• _Exercise_
In the entries below, the lines from the one with "中分中长直发乌黑柔顺,这么好" through the one with "조개홀릭 선셋 파티 식사권 (무료 상품)" are to be copied exactly; both ends count.

• _Entries supplied_
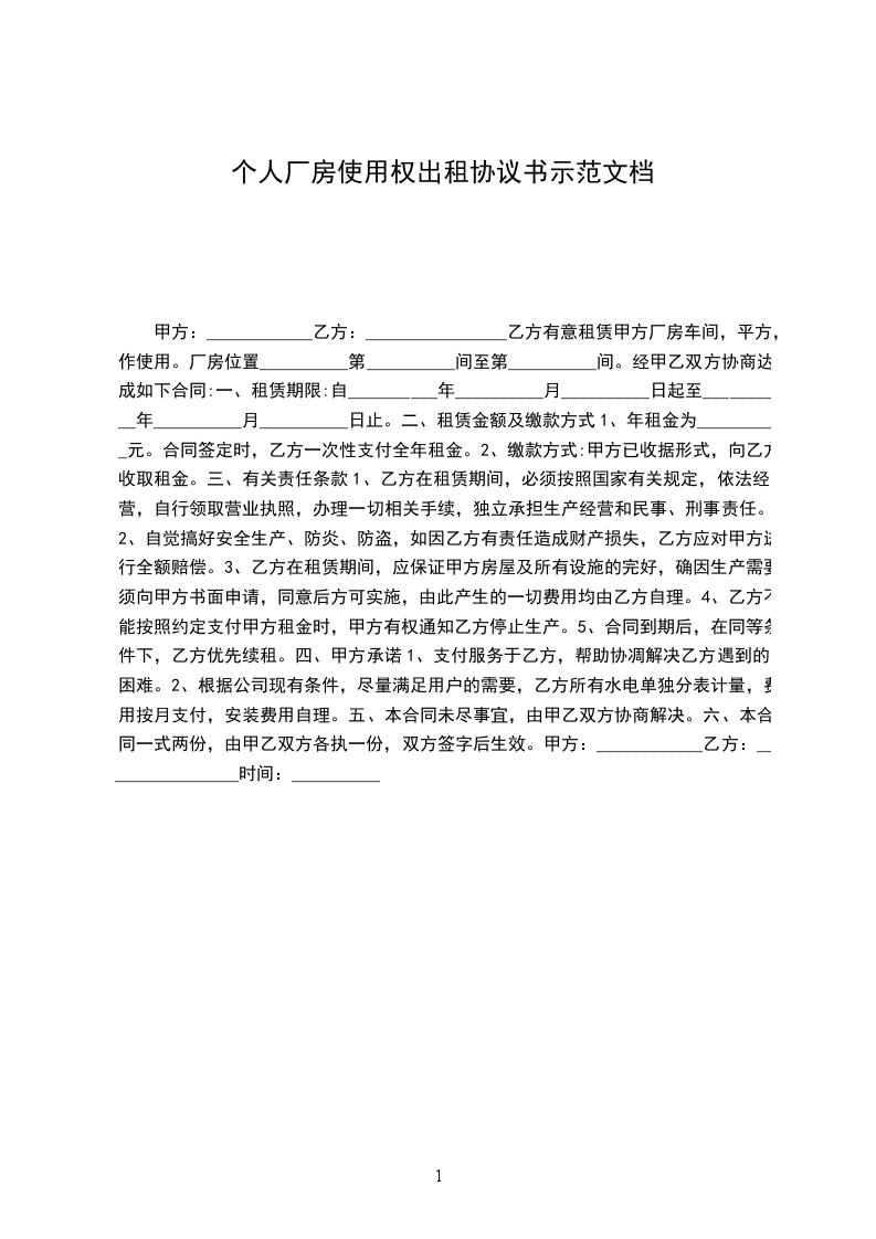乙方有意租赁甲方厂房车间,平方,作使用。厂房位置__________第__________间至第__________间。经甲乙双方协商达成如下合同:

==

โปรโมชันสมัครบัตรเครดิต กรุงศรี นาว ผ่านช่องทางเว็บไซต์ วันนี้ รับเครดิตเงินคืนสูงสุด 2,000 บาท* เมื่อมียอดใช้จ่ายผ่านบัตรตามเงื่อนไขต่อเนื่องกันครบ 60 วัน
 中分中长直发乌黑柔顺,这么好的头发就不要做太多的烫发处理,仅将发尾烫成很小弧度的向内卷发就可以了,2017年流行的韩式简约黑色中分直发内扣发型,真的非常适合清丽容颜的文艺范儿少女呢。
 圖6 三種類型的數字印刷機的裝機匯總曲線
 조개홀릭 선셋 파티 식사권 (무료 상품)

--

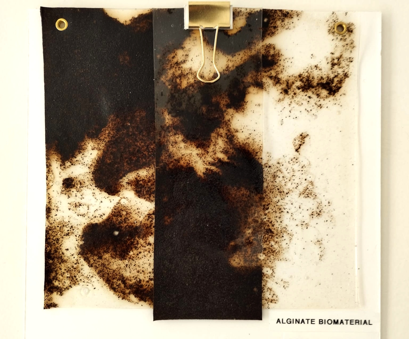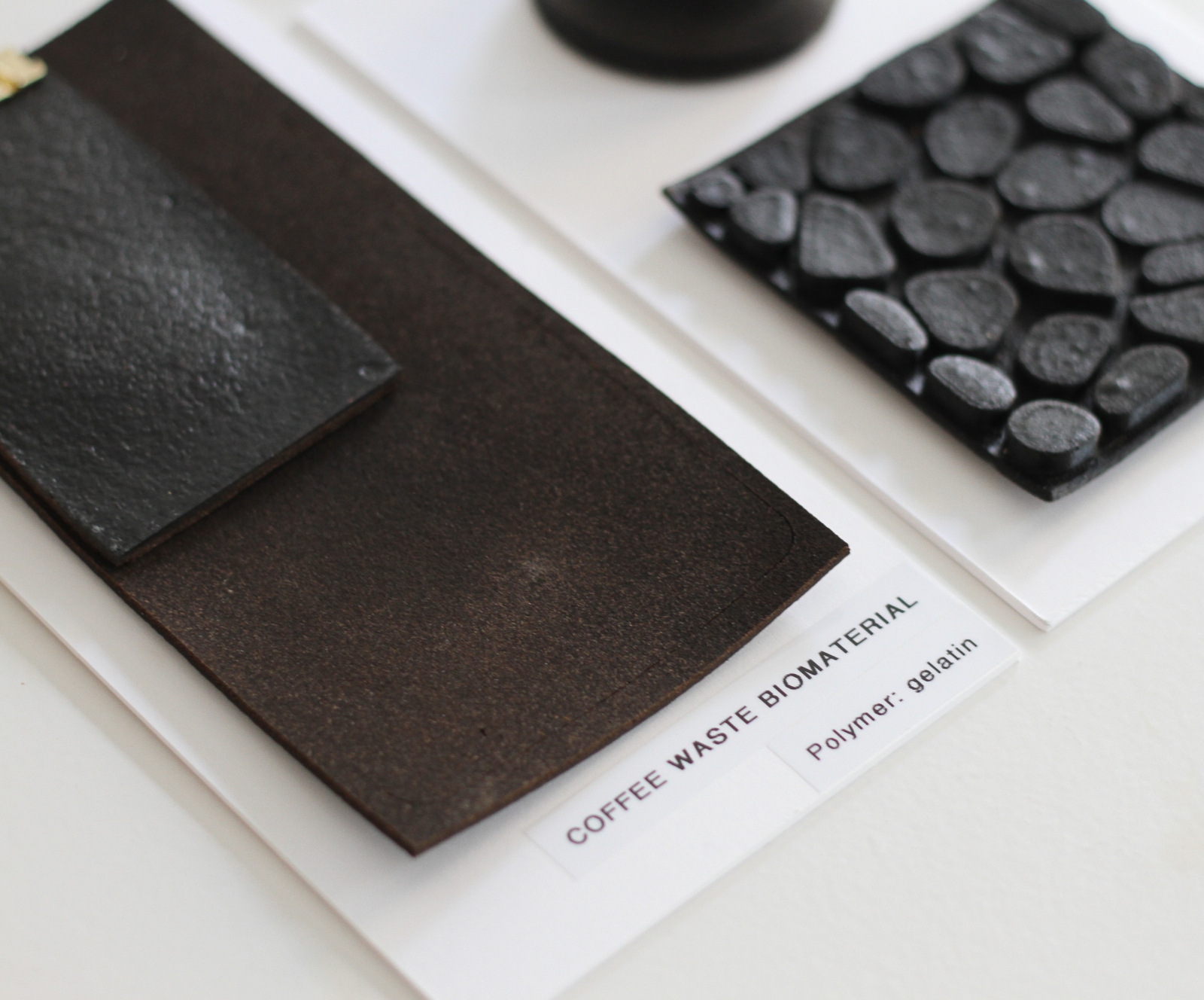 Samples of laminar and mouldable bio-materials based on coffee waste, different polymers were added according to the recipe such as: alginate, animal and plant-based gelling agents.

• _Solution to this problem_
 中分中长直发乌黑柔顺,这么好的头发就不要做太多的烫发处理,仅将发尾烫成很小弧度的向内卷发就可以了,2017年流行的韩式简约黑色中分直发内扣发型,真的非常适合清丽容颜的文艺范儿少女呢。
 圖6 三種類型的數字印刷機的裝機匯總曲線
 조개홀릭 선셋 파티 식사권 (무료 상품)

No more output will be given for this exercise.